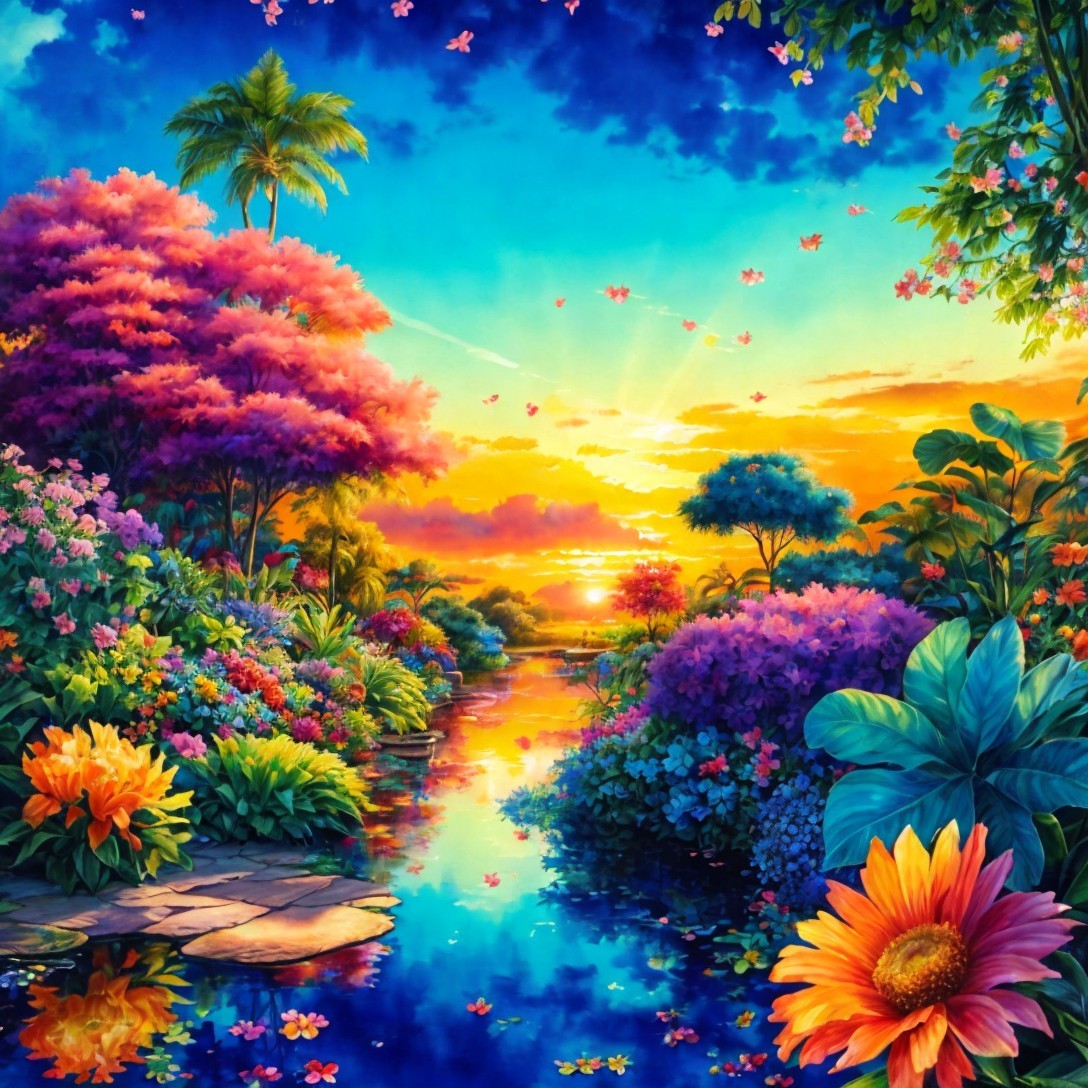 Prompt: Full page, single image, 3D watercolor patchwork, of a spectacular sunrise over a beautiful garden with tropical flowers with vibrant saturated colors, trees and plants with leaves in shades of azure blue and teal, golden sunrise rays shimmering over the scene, intricate, satiny, high quality, elegant, highly detailed, glistening magic style, in the very best style of Gustav Klimt, with elements in the style of Jan Toorop, with subtle elements in the style of Tingatinga
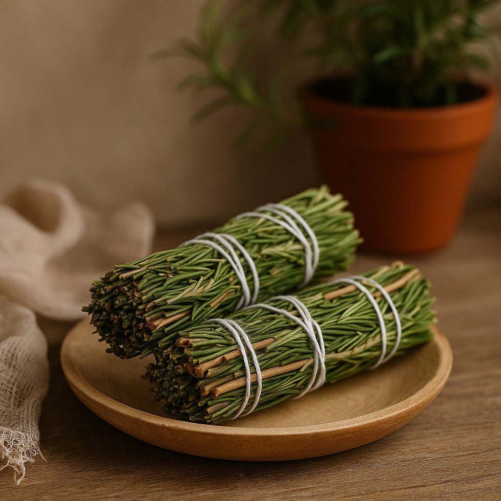 🌿 En håndbundet bunt av hellige urter: rosmarin bundet med hvit snor, med sine slanke, nåleformede blader samlet i en rustikk sylinder. Når den tennes, frigjør den en kjølig, grønn aroma—urteaktig, furukysset og mykt harpiksaktig.
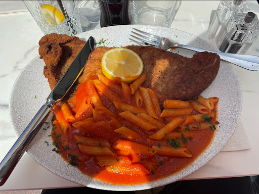 Read moreI don’t know what’s the name of this pasta cuz it was recommended by a French friend but the pasta itself was fresh and it’s sauce which is the most important thing for a pasta in my opinion , was so tasty and the amount of spices was really good . However the Beef/Veal schnitzel was not bad but I’d personal prefer a menu with more meat/chicken options or even as a side for a pasta . The service was great , but the outside tables was near the street so cars and motorcycles just passing by was annoying and you always think they...
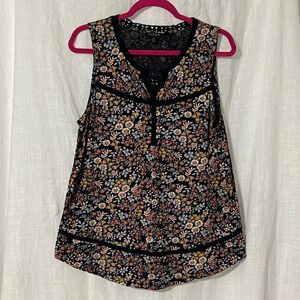 Lucky Brand Sleeveless Crochet Accent Floral Navy/Yellow
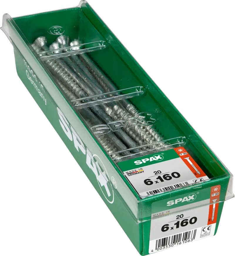 SPAX Universalschraube, 6 x 160 mm, 20 Stück, Teilgewinde, Senkkopf, T-STAR plus T30, 4CUT, WIROX, 4191010601612
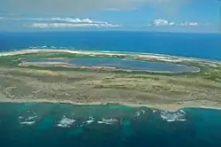 Laysan is the second largest single landmass in the Northwestern Hawaiian Islands, after Sand Island at Midway Atoll. Laysan was created by coral growth and geologic upshift.[2] The fringing reefs surrounding the island cover about 735 acres (297 ha). The tallest point on the island is 50 feet (15 m) above sea level, on a large dune that covers much of the northern portion of the island.
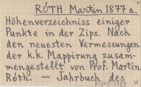 RÓTH Martin 1877 a Höhenverzeichniss einiger Punkte in der Zips. Nach den neuesten Vermessungen der k. k. Mappirung zusammengestellt von Prof. Martin Róth.
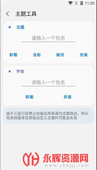 6、OneUI 会通过检查 apk 安装来源:使得修改后的主题字体无法被应用,本应用可以修改安装来源为主题商店或应用商店,使修改后的主题或字体也能被应用和识别(由于 OneUI 的版本更新, OneUI3.及以上已经无法安装修改后的的主题了)
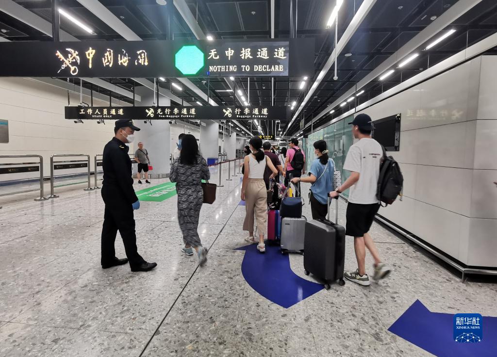從香港西九龍站出發,14分鐘就可到達深圳福田站。深圳海關所屬西九龍站海關副關長張曉東介紹,自今年4月1日廣深港高鐵香港段長途列車服務全面恢復以來,截至6月底,西九龍站口岸日均出入境客流達到5.5萬人次,已超過2019年平均數。“進入7月暑期,日均達到6.5萬人次,7月22日和23日連續兩天接近10萬人次。”
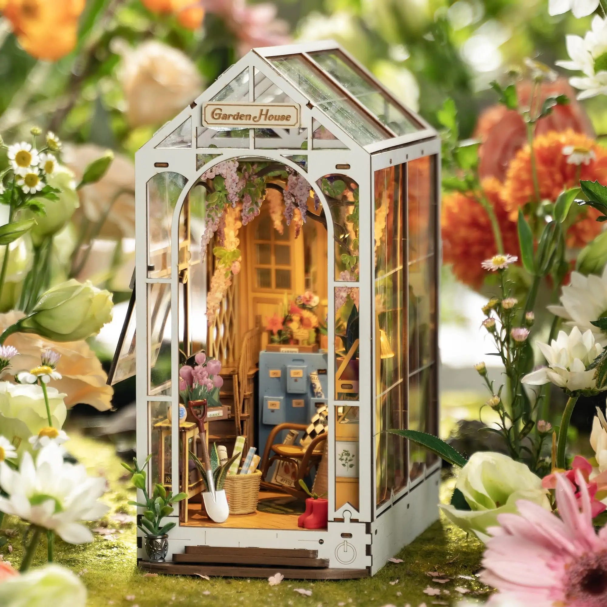 Robotime Rolife Garden House Book Nook Kit Book Shelf Insert Easy Assemble Toys Gifts for Kids Women Girls Home Decoration TGB06
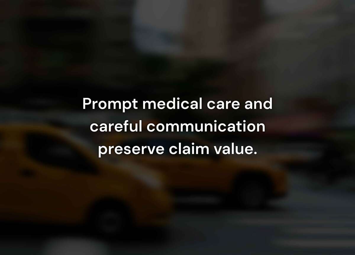 Avoid signing documents from the taxi company or their insurance carrier without attorney review. Release forms and settlement agreements may waive your right to future compensation. Insurance adjusters pressure quick signatures knowing most injuries require weeks to fully manifest and that early settlements cost them less money.
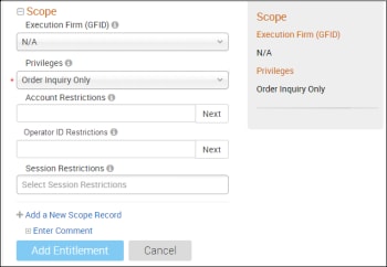 In the Privilege field, select the entitlement to assign to the user(s). Execution Firm (GFID), Privileges, Account Restrictions, Operator ID Restrictions, Session Restrictions that the user can view / manage; no entry (blank) entitles the user to access all available data. See |
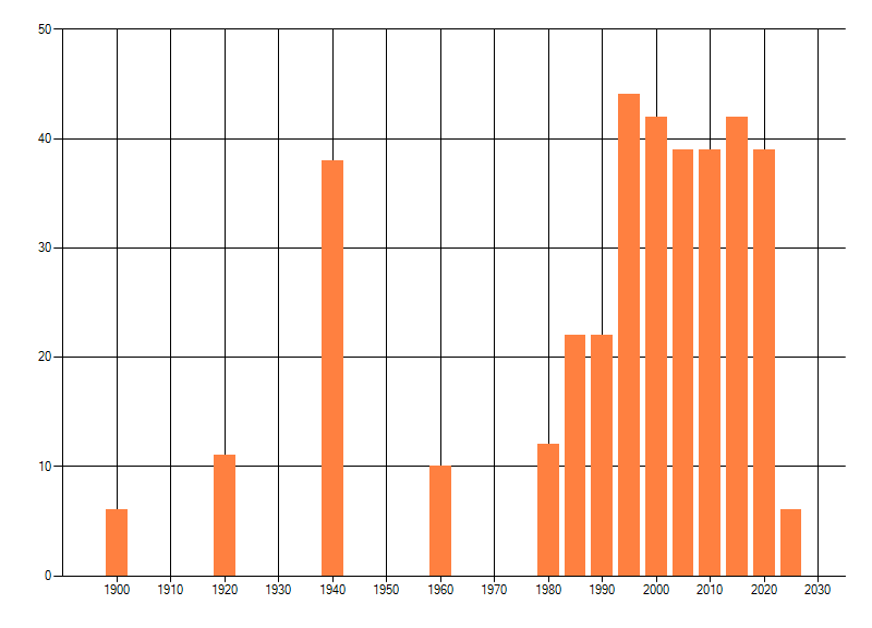dus een trend in verspreiding kan hier niet direct uit worden afgelezen. Het opgegeven jaartal is het eerste jaar van de
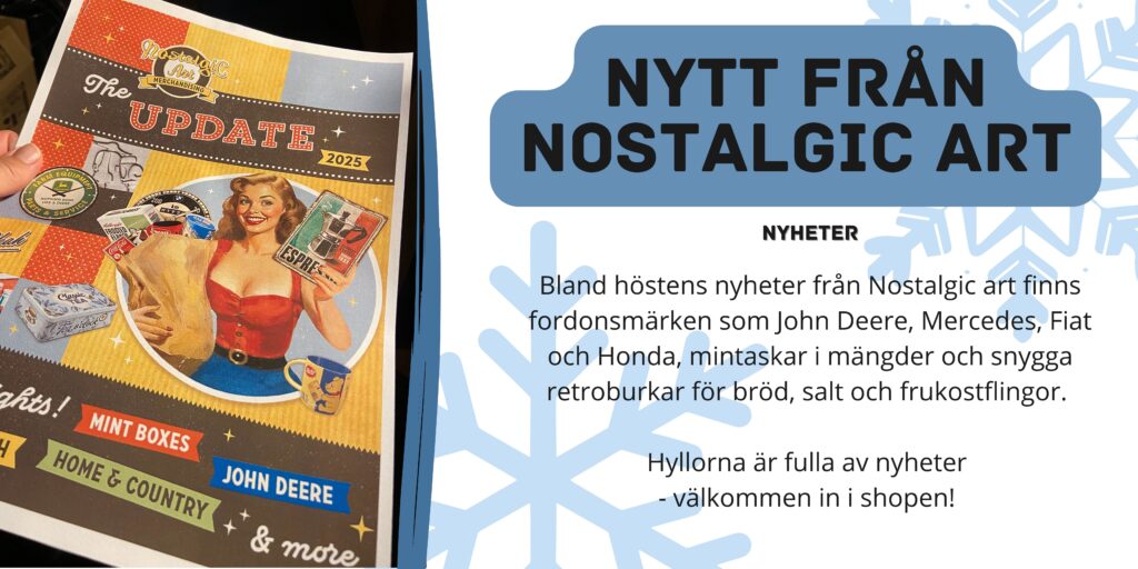 Välkommen till Nostalgishopen.se – din webbshop för retro inredning! Här hittar du snygg design i retro stil – muggar, skyltar, klockor och mycket annat med sköna motiv från 50 tal, 60, 70 och 80 tal! Vi har Sveriges största sortiment av Nostalgic art med alla populära märken som Coca cola, Harley Davidson, Volkswagen, BMW och många många fler. Det finns en skylt för var och en och en burk som passar i varje köksskåp! Heminredning, nostalgisk design och alla saker du kan önska dig om du gillar nostalgi och retro inredning!
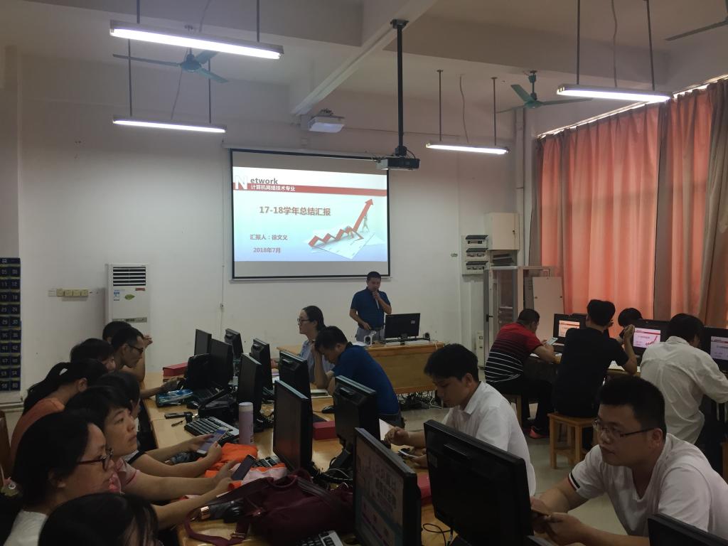7月18日下午,电信学院在实训楼A213召开2017-2018学年第二学期期末总结大会,学院全体教职工参加了本次会议。会议由学院副书记徐国辉主持。

#####

TASK GOAL » Word for word, retype the lines in the entries above that run from the one with "6、OneUI 会通过检查 apk" through the one with "Avoid signing documents". Both ends count; pictures do not.

ANSWER BELOW »
 6、OneUI 会通过检查 apk 安装来源:使得修改后的主题字体无法被应用,本应用可以修改安装来源为主题商店或应用商店,使修改后的主题或字体也能被应用和识别(由于 OneUI 的版本更新, OneUI3.及以上已经无法安装修改后的的主题了)
從香港西九龍站出發,14分鐘就可到達深圳福田站。深圳海關所屬西九龍站海關副關長張曉東介紹,自今年4月1日廣深港高鐵香港段長途列車服務全面恢復以來,截至6月底,西九龍站口岸日均出入境客流達到5.5萬人次,已超過2019年平均數。“進入7月暑期,日均達到6.5萬人次,7月22日和23日連續兩天接近10萬人次。”
 Robotime Rolife Garden House Book Nook Kit Book Shelf Insert Easy Assemble Toys Gifts for Kids Women Girls Home Decoration TGB06
 Avoid signing documents from the taxi company or their insurance carrier without attorney review. Release forms and settlement agreements may waive your right to future compensation. Insurance adjusters pressure quick signatures knowing most injuries require weeks to fully manifest and that early settlements cost them less money.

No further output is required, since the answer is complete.